-- Input --
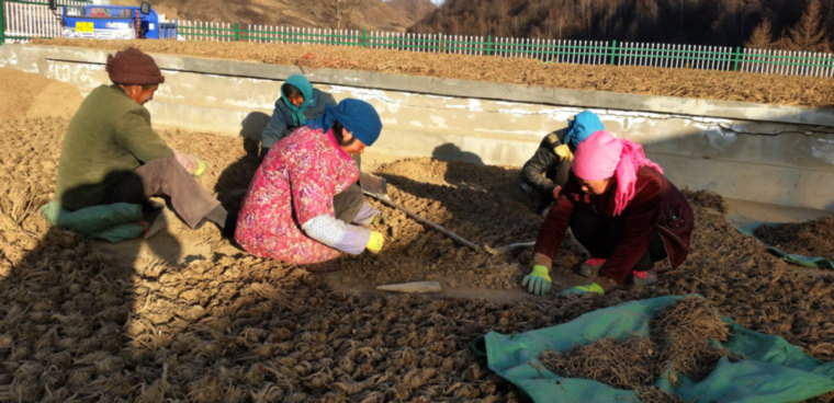 草滩村做为全乡最大的贫困村,发展产业经济,壮大产业规模一直是村“两委”班子带领全村村民脱贫致富的共同目标,近年来全村村民把种植当归做为主导产业,成为村民脱贫致富的产业支柱,今年村民更是把种植当归做为致富产业的重头戏,全村共种植1400余亩,看到喜获丰收的当归,每位村民喜上眉梢,为使当归能买上好的价钱,真正达到村民增收的目的,驻村干部和村干部忙了起来,共同谋划,出点子、找路子,创新产业销售模式,打破了以往不进行加工直接销售的老规矩、老传统,培养出自己的产业经济人,由当地的致富带头人对当归集中进行初加工,然后进行销售,既保证药材销路通畅,更使药材价格得以保障,今年,全村初加工后销售的当归预计创收400多万元,比往年多增收25万元。看着自己家的当归在家门口买了好的价钱,村民乐呵呢!从村民灿烂的笑脸上我们看到了他们在脱贫致富奔小康路上的信心与决心。
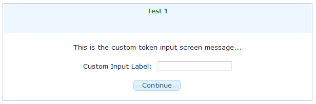 $(document).ready(function(){ if($('#tokenmessage').length > 0 && $('#token').length > 0) { // Custom token message $('#tokenmessage').html('This is the custom token input screen message...'); // Custom token input label $('label[for="token"]').html('Custom Input Label: '); } });
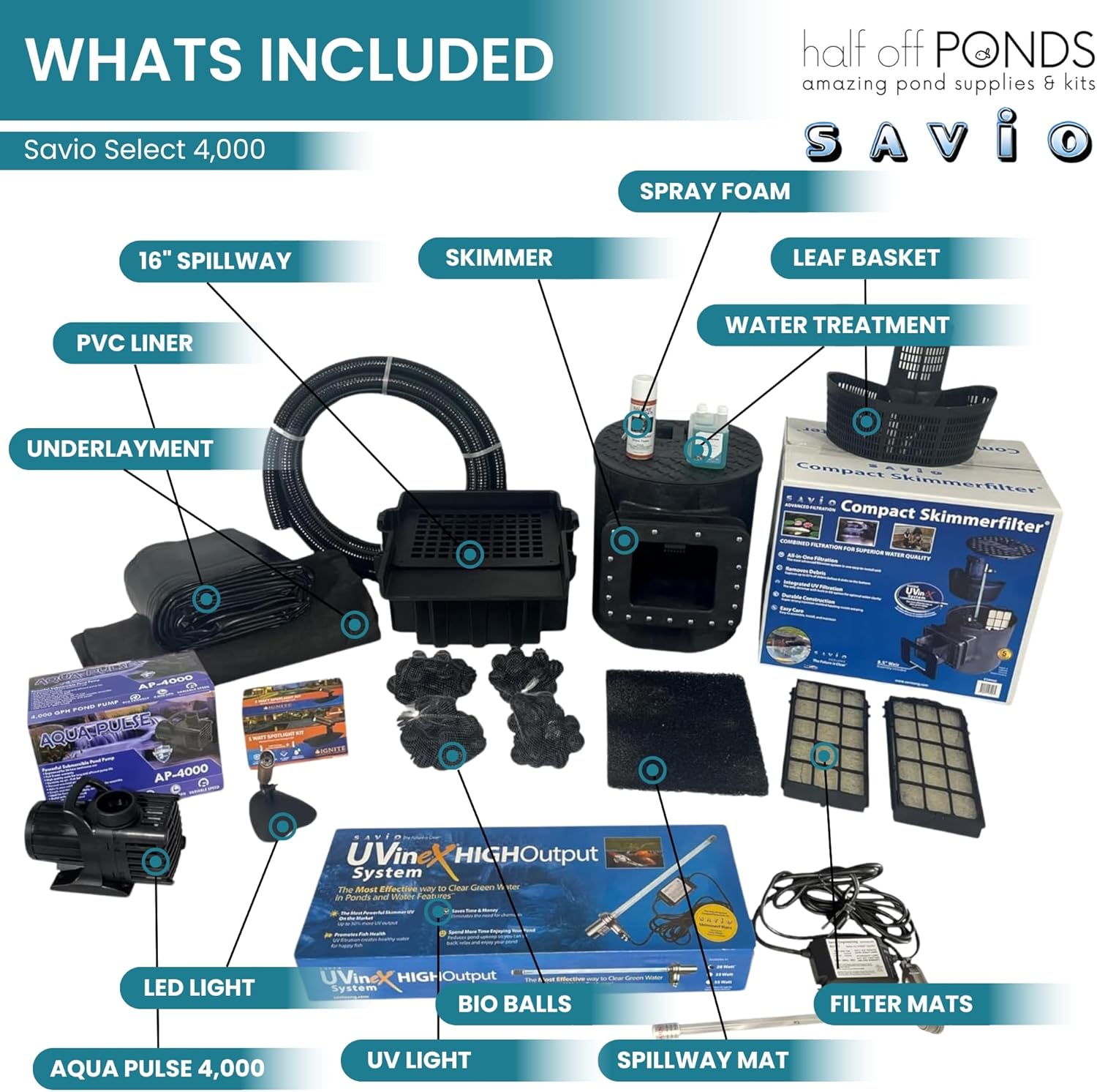 HALF OFF PONDS Savio Select 4,000 GPH Submersible Pump Pond Kit with 20' x 20' PVC Plastic Pond Liner, UV Clarifier for Water Garden & Koi Pond
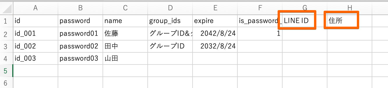 カスタムID認証でCSV取り込み時にカスタム項目を追加する方法①項目カスタマイズより追加したい項目を作成今回は「LINE ID」「住所」を追加します②ユーザー管理→会員→一括取り込み③CSVテンプレートダウンロード④ダウンロードしたCSVの項目に①で作成した項目を追加項目は作成頂いたそのままをコピしてください⑤CSVファイルをドラック&ドロップもしくはクリックして選択し取り込む追加した項目が取り込まれました
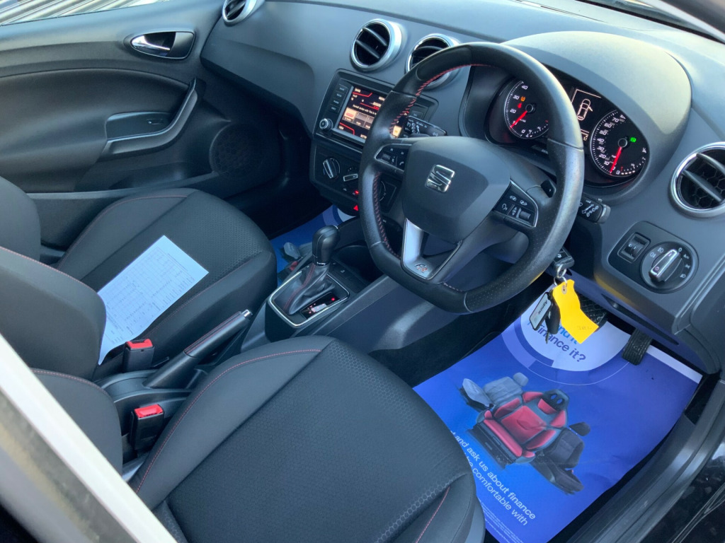 This 2017 SEAT Ibiza 1.0 EcoTSI FR Hatchback has 48,000 miles on the clock and is powered by a petrol engine, making it ULEZ compliant. With MOT valid until 22/08/2026, this 5-door hatchback also boasts 5 seats, making it perfect for families or those in need of extra space. Equipped with a 10.7-litre Glovebox with Light, Active Front Head Restraints, Air Conditioning, and Cupholders, this vehicle provides both convenience and comfort. Its 110 ps engine and DSG transmission ensure a smooth and efficient drive, making this car a great option for those in search of a reliable and practical vehicle. .7-litre glovebox with light, active front head restraints, air conditioning, convenience pack, cupholders - x3, door pockets - front, driver pack, driver and passengers sunvisors with covered mirrors, dust and pollen filter, front courtesy light with front and rear reading lights, height adjustable passenger seat, height and reach adjustable steering wheel, height-adjustable drivers seat, illuminated boot, instrument lighting with brightness control, rain sensing wipers, rear fog light, remote key - folding x2 with remote window functionality, seats - pockets on front backrest, seats - sports fr, split folding rear seats - 60-40, steering wheel - audio controls, steering wheel - leather - flat bottomed - exclusive fr, steering wheel-mounted gearshift paddles, two height-adjustable front and rear headrests, 12 volt power supply in centre console, anti-theft roof antenna, bluetooth audio streaming with handsfree system, digital audio broadcasting - dab - digital radio, fm-am radio, media system colour, six speakers, 16in alloy wheels - stratos, body-coloured door handles, body-coloured door mirrors, bumpers - body coloured with integrated mouldings, bumpers - exclusive fr front and rear, electric windows - front with one-touch and anti-squeeze, electrically folding door mirrors, emergency tyre repair kit, exhaust pipe - twin, gloss black b and c-pillars, locking wheel bolts, seat logo tailgate release, tinted windows, alarm - perimeter and interior monitoring with tow away protection, anti-lock braking system - abs, automatic warning lights, child locks on rear doors, driver and front passenger airbags, esc - electronic stability control with eba - emergency brake assist, electronic engine immobiliser, front passenger airbag deactivation, front side airbags, hill hold control, isofix points with top tether on rear seats, multi-collision braking system, rear wiper, remote central locking with deadlocks, seatbelt reminder - front, three-point seat belts, visible vin in windscreen, auto-headlights, coming home - leaving home headlight function, front fog lights with cornering function, led daytime running lights, led taillights, lights left on warning buzzer, twin halogen headlights with led daytime running lights, cruise control, digital clock, electro-mechanical power steering - speed-sensitive, electronic differential lock system - xds, exterior temperature indicator, gearshift indicator, low fuel warning light, rpm counter, sports suspension, trip computer, tyre pressure monitoring system
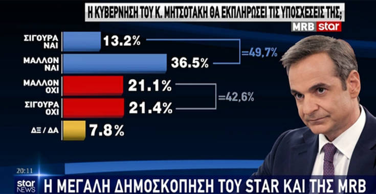 Στο ερώτημα εάν πιστεύετε ότι ο πρωθυπουργός θα κάνει ό,τι έχει υποσχεθεί, ένας στους δύο απάντησε πώς «ναι».

-- Exercise description --
Reproduce the opening lines of the material above exactly, ending with the line that contains "カスタムID認証でCSV取り". Omit every picture.

-- Exercise result --
 草滩村做为全乡最大的贫困村,发展产业经济,壮大产业规模一直是村“两委”班子带领全村村民脱贫致富的共同目标,近年来全村村民把种植当归做为主导产业,成为村民脱贫致富的产业支柱,今年村民更是把种植当归做为致富产业的重头戏,全村共种植1400余亩,看到喜获丰收的当归,每位村民喜上眉梢,为使当归能买上好的价钱,真正达到村民增收的目的,驻村干部和村干部忙了起来,共同谋划,出点子、找路子,创新产业销售模式,打破了以往不进行加工直接销售的老规矩、老传统,培养出自己的产业经济人,由当地的致富带头人对当归集中进行初加工,然后进行销售,既保证药材销路通畅,更使药材价格得以保障,今年,全村初加工后销售的当归预计创收400多万元,比往年多增收25万元。看着自己家的当归在家门口买了好的价钱,村民乐呵呢!从村民灿烂的笑脸上我们看到了他们在脱贫致富奔小康路上的信心与决心。
 $(document).ready(function(){ if($('#tokenmessage').length > 0 && $('#token').length > 0) { // Custom token message $('#tokenmessage').html('This is the custom token input screen message...'); // Custom token input label $('label[for="token"]').html('Custom Input Label: '); } });
 HALF OFF PONDS Savio Select 4,000 GPH Submersible Pump Pond Kit with 20' x 20' PVC Plastic Pond Liner, UV Clarifier for Water Garden & Koi Pond
 カスタムID認証でCSV取り込み時にカスタム項目を追加する方法①項目カスタマイズより追加したい項目を作成今回は「LINE ID」「住所」を追加します②ユーザー管理→会員→一括取り込み③CSVテンプレートダウンロード④ダウンロードしたCSVの項目に①で作成した項目を追加項目は作成頂いたそのままをコピしてください⑤CSVファイルをドラック&ドロップもしくはクリックして選択し取り込む追加した項目が取り込まれました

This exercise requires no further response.